What happens when you bring leading academic experts in economics and finance together to come up with ideas to prevent future financial crises? You get The Squam Lake report, enthusiastically greeted by Ben Bernanke.

I am not impressed. The report finds the time (an entire chapter, in fact) to address the “need” to regulate how people save for retirement without offering a word of criticism of the policy of promoting home ownership with lenient, subsidized mortgage credit. To me, that indicates how much the report reflects the “insider” point of view and how little consideration it gives to flaws in the political process or the potential for fallibility of regulators.

The authors have the audacity to suggest that a systemic risk regulator would have been able to forestall the problems with Fannie Mae and Freddie Mac. The political reality was that Freddie and Fannie were an unstoppable freight train of powerful lobbying, right up to the point where they were insolvent.
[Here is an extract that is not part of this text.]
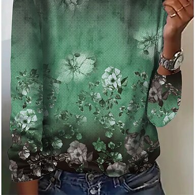 Camicia da donna a tunica con bottoni colletto maniche lunghe grafica floreale ombreggiata vintage quotidiana stilosa scollatura a V regolare top da lavoro quotidiano stampa verde salvia blu viola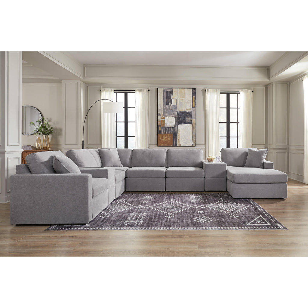 • Includes 8 modular pieces: left-arm facing corner chair, 2 consoles with storage, 3 armless chairs, wedge and right-arm facing corner chaise

The report is based on two central principles. The first principle is that regulation was too heavily focused on individual institutions, rather than on systemic risk. I think that is way, way, overstated. First of all, the Fed and the IMF were always looking for systemic risks. In this case, they just did not see them. They saw the opposite–a financial system in which innovations had succeeded in reducing risk.

The second principle (p.137)

is that regulators must create conditions that minimize the likelihood of bailouts of financial firms by forcing them to internalize the costs of failure…Many of our recommendations are intended to create a robust financial system in which any troubled financial company is allowed to fail.

If you want to prevent bailouts, the issue is not so much the behavior of bankers as it is the behavior of government officials. For government officials, there is a huge time consistency problem. In the abstract, they will promise never to bail anyone out. In reality, in an actual crisis, they have an overwhelming incentive to break that promise.

In the abstract, it makes sense to vow never to pay ransom to kidnappers. In reality, when someone is kidnapped, you are likely to break that vow. Government officials face that same time consistency problem with bailouts.

The report recommends the contingent capital approach and the “living will” approach to make it easier to resolve troubled banks. However, in the real world, the willingness of government officials to use these mechanisms is likely to be lacking. As Sam Peltzman pointed out at the talk he gave last week, after the S&L Crisis, the government also enacted measures to provide enhanced resolution authority for troubled banks. But when it came to Citigroup and Bank of America, the will was lacking to apply that authority. That is likely to hold in the future as well.

A “living will” suggests that we would, in a crisis, break up too-big-to-fail banks. So the government officials who today are unwilling to break up TBTFs will, in the midst of a crisis, find the courage to do so? Count me skeptical, to say the least.

The authors display considerable faith in technocratic control. Their systemic risk regulator will have God-like powers to assemble and process information. On p. 34-35, they write,

a new information infrastructure is needed for regulators to understand trends and emerging risks in the financial industry. This will require a broad set of financial institutions to report standardized measures of position values and risk exposures. Such information is valueless unless it can be analyzed, and this is a natural function of the systemic regulator.

As I have said before, the Insiders view the financial crisis as a Keynesian moment, requiring more central management from technocrats. Instead, I think it is a Hayekian moment, illustrating the inability of central planners to process increasingly dispersed information. Of the fifteen authors of the report, four are from the University of Chicago, including John Cochrane and Raghu Rajan. But the way I see it, these folks are closer to Keynes than to Hayek.